Ливонские земли привлекали не только Москву, но и Польско-Литовское государство. Король Сигизмунд I скончался в 1547 г., и престол перешел к его сыну Сигизмунду II Августу. По мнению С. М. Соловьева, это был довольно пассивный правитель, долгое время находившийся под влиянием властной матери, королевы Боны (итальянки по национальности) [ 7 ]. Современники называли его «король-завтра» за привычку медлить с принятием решений. Тем не менее, в определенных ситуациях Сигизмунд II проявлял незаурядную энергию и, конечно, не мог игнорировать значение Ливонии для своей державы.

Иное дело, что власть монарха была существенно ограничена знатью. Польский публицист того времени С. Ожеховский с гордостью писал: «В Польше коронный совет – это не что иное, как стена между подданными и королем, которая должна и горячность короля умерить, и от нас, подданных, своеволия не допускать» [ 8 ]. Разительный контраст с политическими суждениями Ивана Грозного о полном праве государя казнить своих «холопьев»!

В 1556 г. польские дипломаты начали тайные переговоры с рижским архиепископом и отдельными руководителями Ордена о передаче Ливонии королю. Данные об этих контактах, однако, стали известны магистру Ордена, который приказал арестовать архиепископа. В ответ Сигизмунд стал угрожать войной.

Магистр попытался провести мобилизацию вассалов, но безуспешно. Рыцари предпочли наскоро собрать наемников, причем далеко не самых лучших. Хронист Б. Руссов описывает это воинство в откровенно сатирических тонах: «В то время у многих неопытных ливонцев, не думавших о войне, не было ни ратников, ни оружия по числу их имений; поэтому должны были наскоро отправиться в поход ненемецкие подконюшие и старые шестифердинговые кнехты (служившие за шесть фердингов – Авт.), которые уже почти до полусмерти спились и обабились и, наверное, во всю жизнь ни разу не выстрелили. Когда же они напялили на себя старую заржавевшую броню и должны были двинуться в путь, то сначала крепко перепились и клятвенно обещали вместе жить и умереть. Затем многие из них полумертвые сидели на конях и, наконец, двинулись в поле» [ 9 ].

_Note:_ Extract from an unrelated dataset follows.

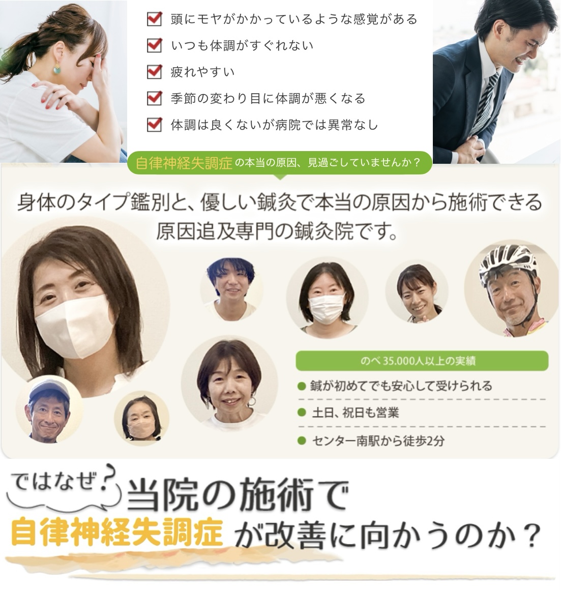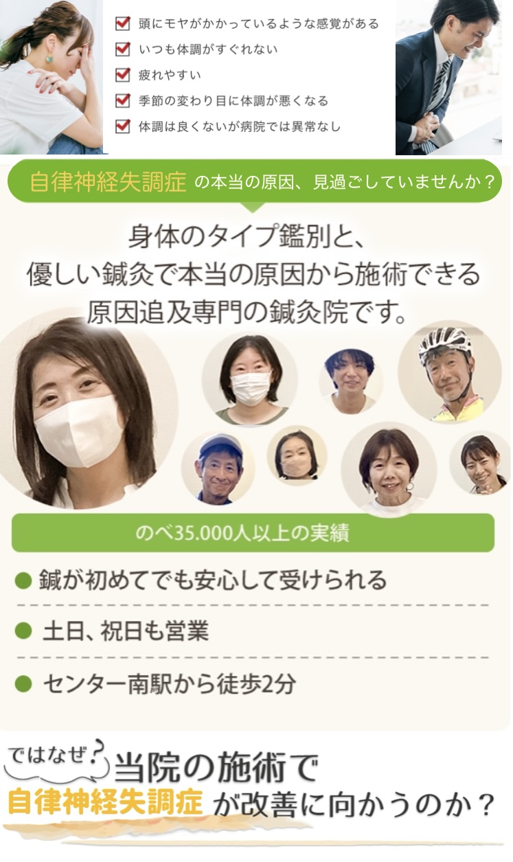自律神経の乱れによる症状が長引いていたり、繰り返している場合は、このようなタイプ別の原因を鑑別し、施術することで解決の糸口が見つけることができるかもしれません。

Сопротивляться с такими силами Польше и Литве было немыслимо, а потому магистр поспешил принести Сигизмунду II извинения, освободить архиепископа и предоставить литовским купцам свободу торговли в Ливонии. В Москве об этих событиях, конечно, знали и понимали: нужно спешить.

С 1554 г. Россия вела войну со Швецией, но в преддверии похода в Ливонию прервала ее и заключила со шведами мир. Повод для вторжения долго искать не пришлось: им стала «юрьевская дань» - та самая, которую епископ дерптский обязался выплачивать еще Ивану III в 1503 г., но на деле практически не платил. Обвинив послов Ордена, который считался главой Ливонской конфедерации, во лжи, Иван Грозный в январе 1558 г. двинул против него свои войска. Тыловой базой действующей армии стала Псковская земля.

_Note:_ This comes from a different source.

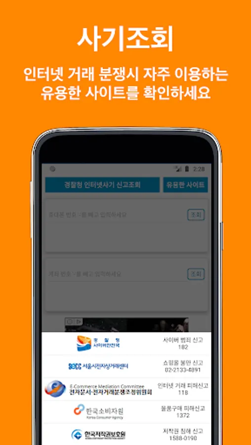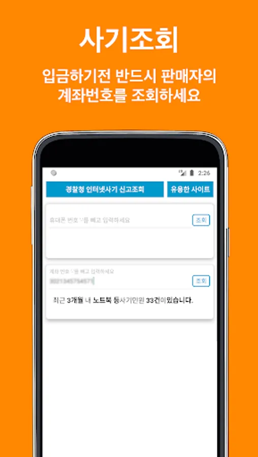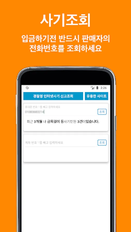 중고 사기 휴대폰/계좌 조회 Screenshots

Первоначально военные действия складывались для русских воевод вполне удачно. Весной-летом 1558 г. им удалось занять всю восточную часть Эстонии, включая Дерпт (Тарту) и Нарву, зимой 1559 г. в – разгромить войска рижского архиепископа.

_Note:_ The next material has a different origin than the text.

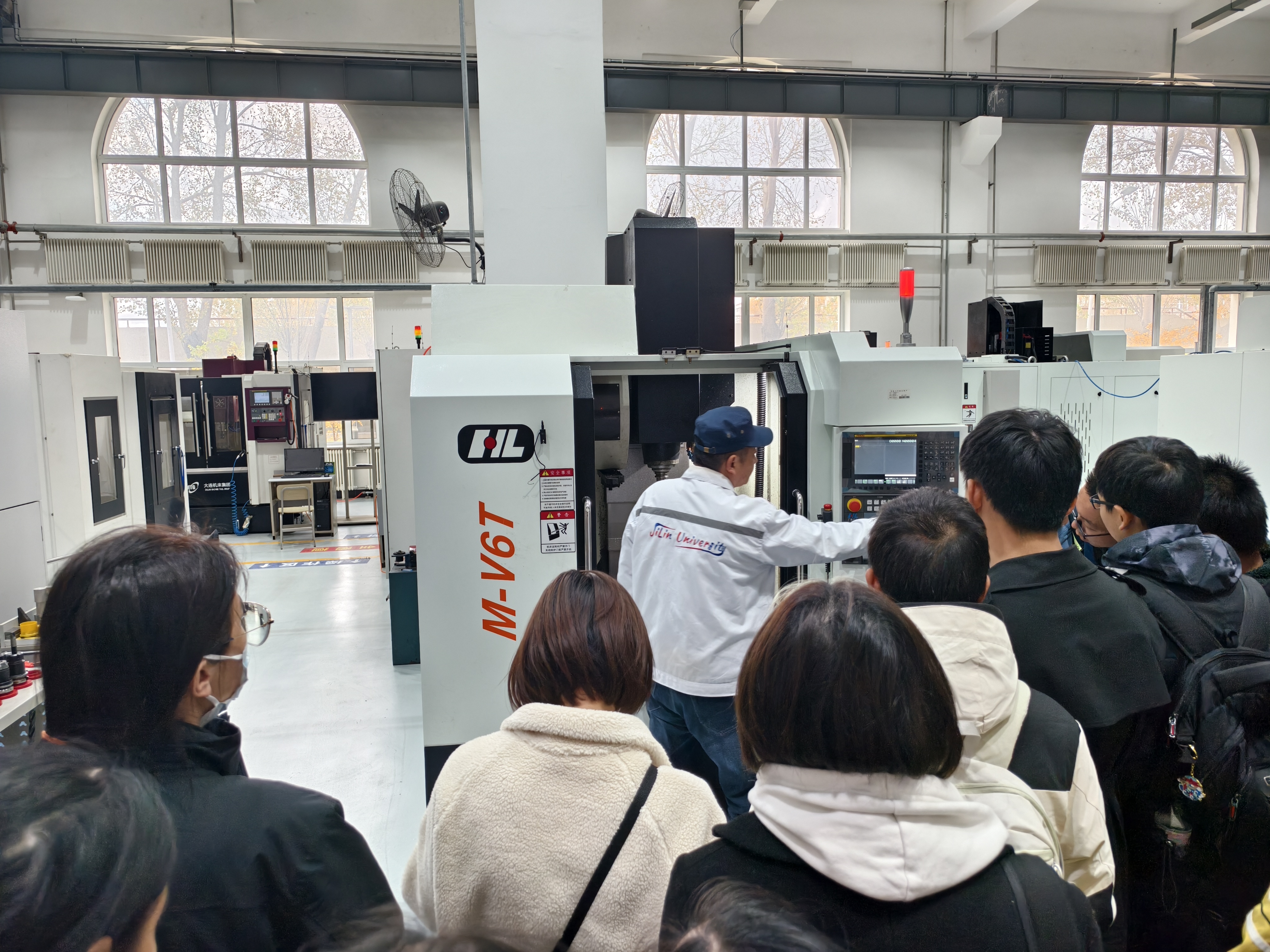 在金属加工中心,同学们在实验室操作人员的演示下,兴致勃勃地了解金属制品是如何制成的。在操作人员娴熟的程序操作下,庞大的机床有条不紊的更换刀具、变换模式,令同学们啧啧称奇。看着五轴加工而成的精密金属浮雕,同学们不由自主的产生了对传统工艺传承与现代机械制品关系的思考。

Понимая неизбежность военного поражения, магистр Ливонского ордена Готгард Кетлер в августе 1559 г. обратился к Сигизмунду II с просьбой принять орденские земли в «клиентелу и протекцию», на что, естественно, получил согласие. В середине сентября королевский протекторат был распространен и на рижского архиепископа. Епископ о. Эзель (Сааремаа) сделал иной выбор и в конце сентября принял покровительство датского короля. Ревель (Таллинн) признал над собой власть шведского короля. Таким образом, вместо слабого Ордена противниками Руси оказались три мощные европейские державы.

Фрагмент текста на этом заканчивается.